Definitely brunette! The blonde looks too pale for her skintone and washes her out, but like Lisa said, the brunette adds a nice warmth to her skintone and looks so much more natural!


----------



## rejectstar (Oct 7, 2006)

I agree, definitely brunette! Although I think the blonde looks good and she can get away with it, I love the darker brown. I guess I'm kind of biased... I prefer dark hair most of the time. I think in the first picture her hair looks kind of yellow/orangey, and it clashes with her pinkish skin tone.


----------



## CuTeLiCiOuS (Oct 7, 2006)

She is hot, she can pull both off. I love burnetts more though, so you know I am gonna say that, but I think she looks fabalous with both hair colors. She defenitely is pulling it off.


----------



## han (Oct 7, 2006)

neither!


----------



## pinkbundles (Oct 7, 2006)

i like the blonde on her better. it just brighten's up her face.


----------



## mabelwan (Oct 7, 2006)

Definitely brunette!


----------



## dioraddict_xo (Oct 7, 2006)

She looks really pretty with brown hair, but i prefer the blonde (especially the first pic)


----------



## lynnda (Oct 7, 2006)

She looks really good as a blonde but I prefer her as a brunette,


----------



## jennycateyez (Oct 7, 2006)

brunette!


----------



## Chomkat (Oct 8, 2006)

I guess I am in the minority but I thought she looked awful as a blonde. I think she looks much better as a brunette.


----------



## Jennifer (Oct 8, 2006)

brunette!


----------



## bluebird26 (Oct 8, 2006)

Brunette


----------



## Heather12801 (Oct 8, 2006)

Definately brunette!! The blonde is pretty, but like someone else said, it seems to wash her out completely. The brown gives her more of a sultry, sexy look, and she doesn't look like every other bubble-gum pop star out there.
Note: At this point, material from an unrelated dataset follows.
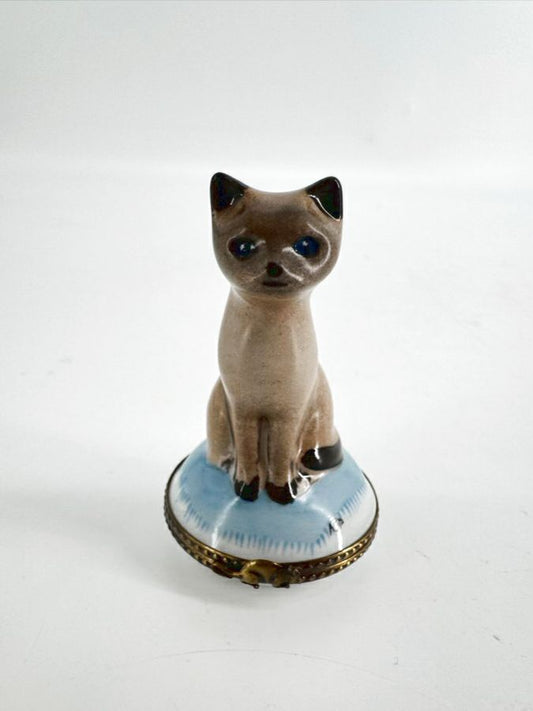 LIMOGES Gray & Blue Siamese Cat Ceramic Trinket Box

I think she looks awesome as a brunette!!


----------



## emily_3383 (Oct 8, 2006)

Brunette and light brown or with highlights but i dont like the blonde look.


----------



## 4getmeNot (Oct 8, 2006)

Brunette most definitely.


----------



## blackmettalic (Oct 8, 2006)

Brunette!


----------



## korina981 (Oct 8, 2006)

brunette. i honestly think brunette always looks better than blonde


----------



## ivette (Oct 8, 2006)

blond


----------



## Andi (Oct 8, 2006)

brunette!!!!

These 2 pics of her as a blonde actually look really good, but I have seen other blonde-pics of her where I was like "what was she thinking". It just didnÂ´t look right.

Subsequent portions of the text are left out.